I would like to inspire a movement to help people start bringing their Someday Maybe’s into today. If something is worthy of being on your Someday Maybe list, why wait until you are too old or too tired to enjoy the activity? Even if you need to start doing the activity on a smaller scale first, it’s time to bring those Someday Maybe’s into today, or simply cross them off the list and stop kidding yourself.
Can you please give us your favorite “Life Lesson Quote”? Can you share how that was relevant to you in your life?
This correlates perfectly to what I was just mentioning about the “Someday Maybe” movement that I would like to start. One of my favorite life lesson quotes is:
“Someday is not a day of the week. If not now, when?” — Unknown
I used to be guilty of having a lot of Someday Maybe’s that I kept saying to myself but never got around to. After my fire, I finally realized that there is no time like the present to do the things that bring us joy. I now schedule those activities on my calendar just like any other meeting. I recommend that everyone else do the same.

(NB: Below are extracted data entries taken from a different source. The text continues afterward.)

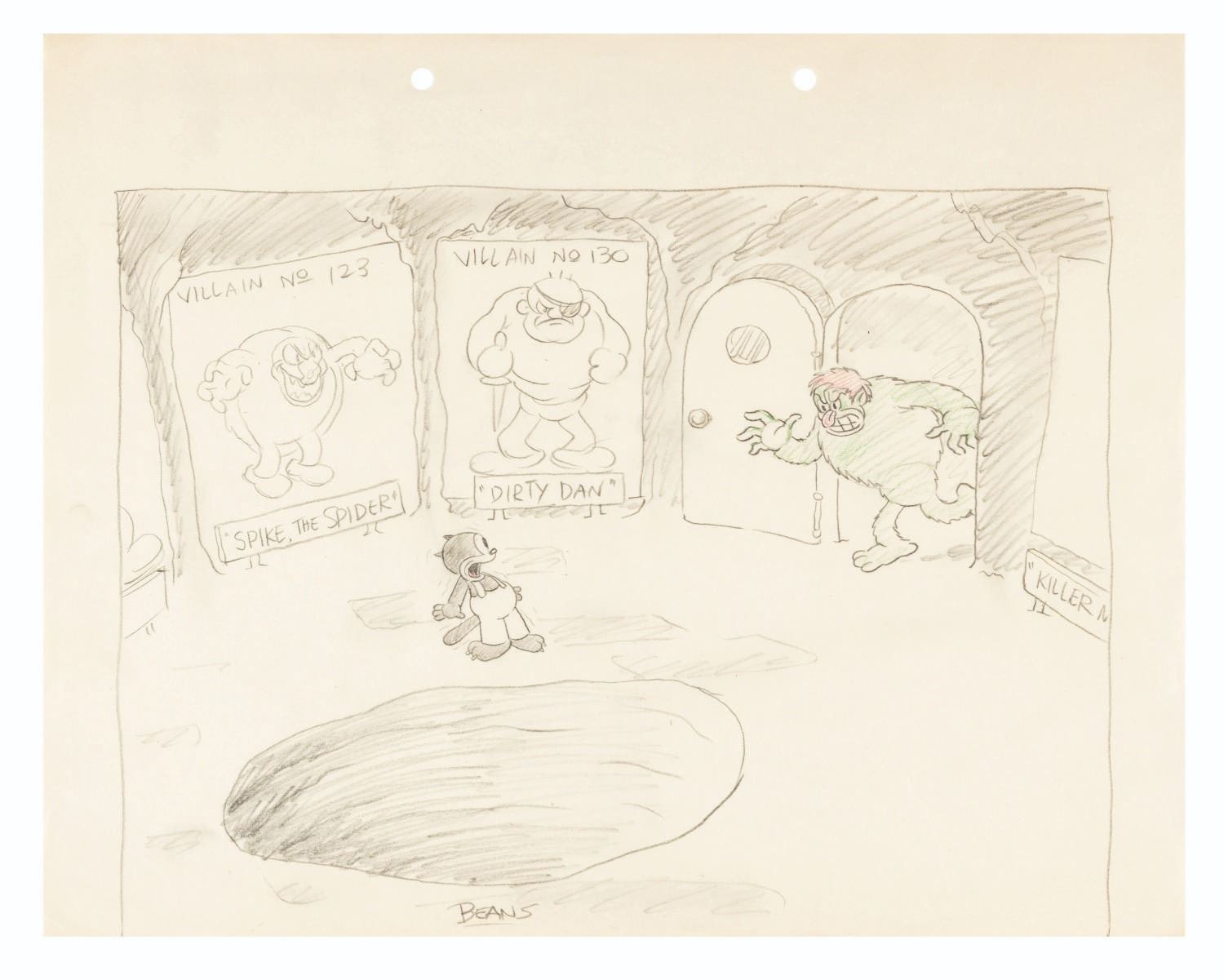 (Schlesinger, 1935) An original layout drawing featuring Beans from the Looney Tunes short “A Cartoonist's Nightmare.” Measuring 9.5” x 12” with an image size of 8” x 10.25”, the graphite and colored pencil drawing is in very good condition with light edge wear and creasing from production use and light discoloration from age.
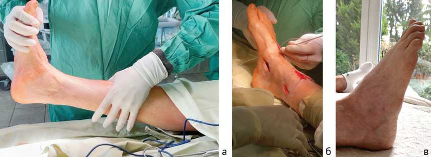Рис. 1. Фото стопы пациента с синдромом «висящей стопы»: а — исходный вид; б — интраоперационное изображение; в — отдаленный период через 8 мес.
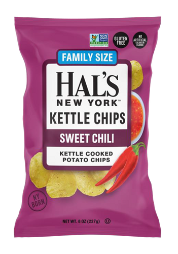 Hal's New York Kettle Cooked Potato Chips, Sweet Chili, 8oz X-Large Bags (Pack of 12)
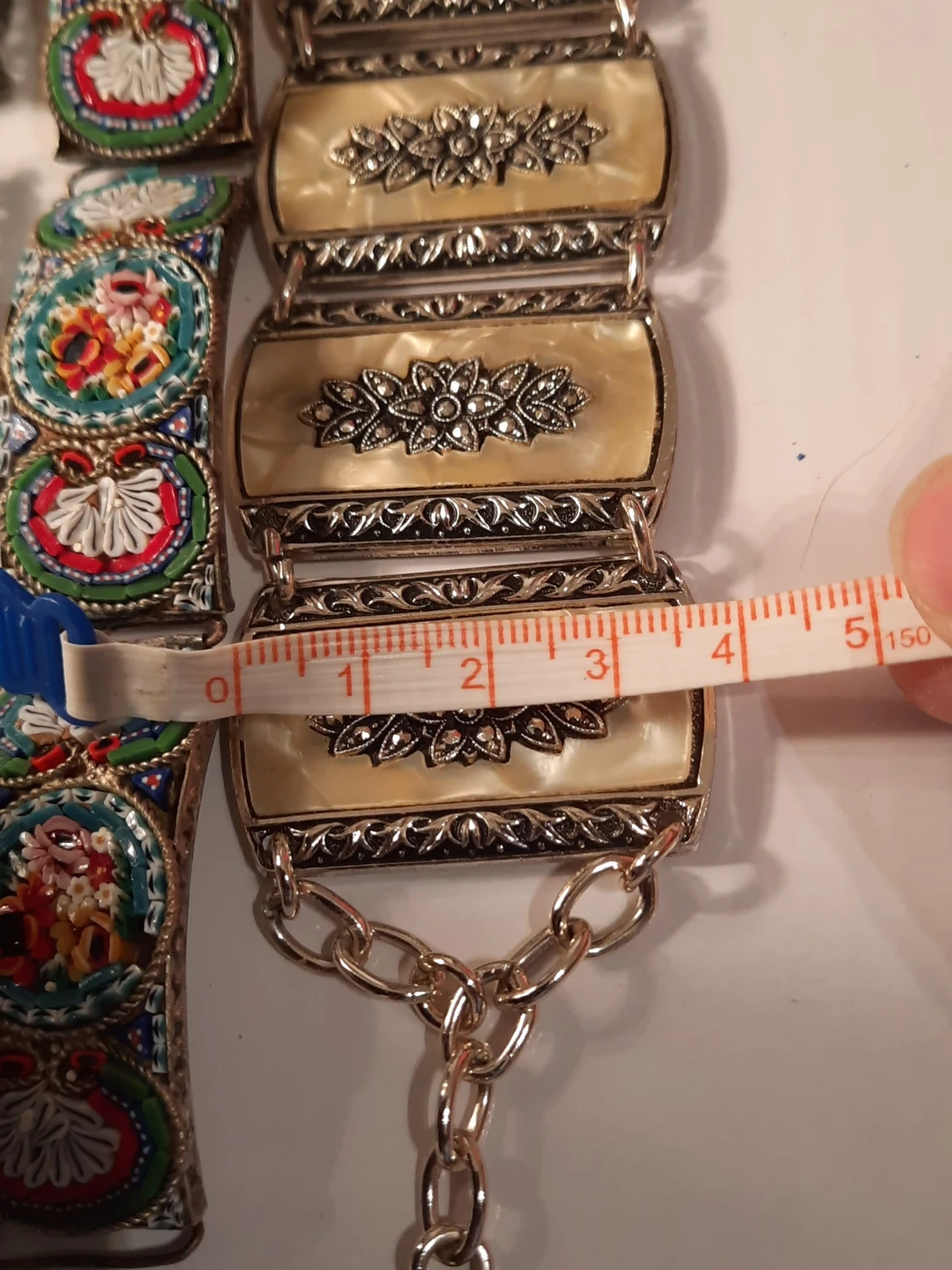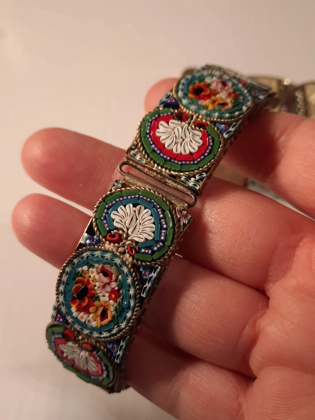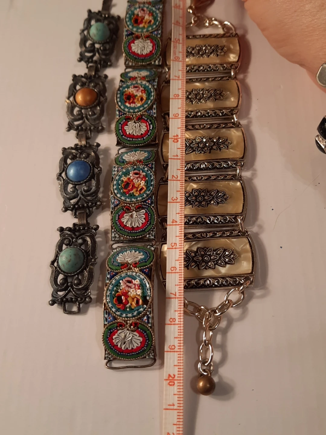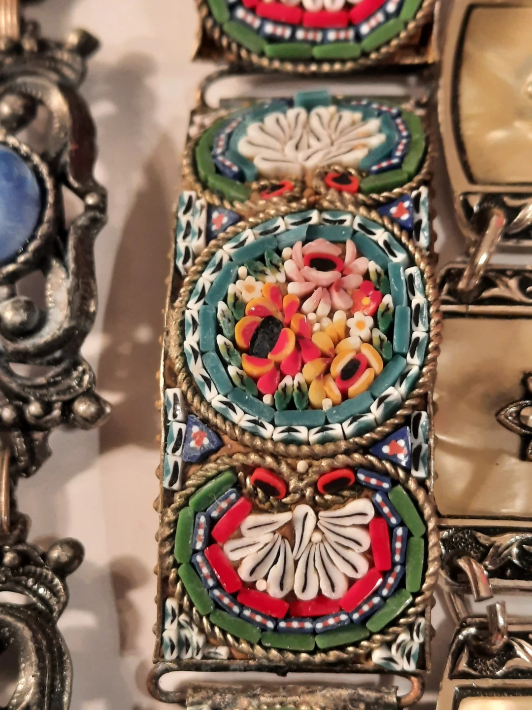 This lot includes three vintage bracelets. Two feature intricate mosaic designs with floral patterns, and one has decorative faux mother-of-pearl panels with floral carvings. These pieces add a unique touch to any jewellery collection!

Some of the biggest names in Business, VC funding, Sports, and Entertainment read this column. Is there a person in the world, or in the US with whom you would love to have a private breakfast or lunch with, and why? He or she might just see this if we tag them 🙂
I would love to have a private breakfast or lunch with Arianna Huffington. I’ve already met her and spoken to her a few times in some small group settings through Genius Network (one of the CEO mastermind groups that I’m a member of) but would love to continue the conversation in a one on one setting. Ms. Huffington is someone I admire and have a lot of alignment with regarding her life experiences in finding balance, and in building her Thrive Global publishing empire that is focused on quality of life.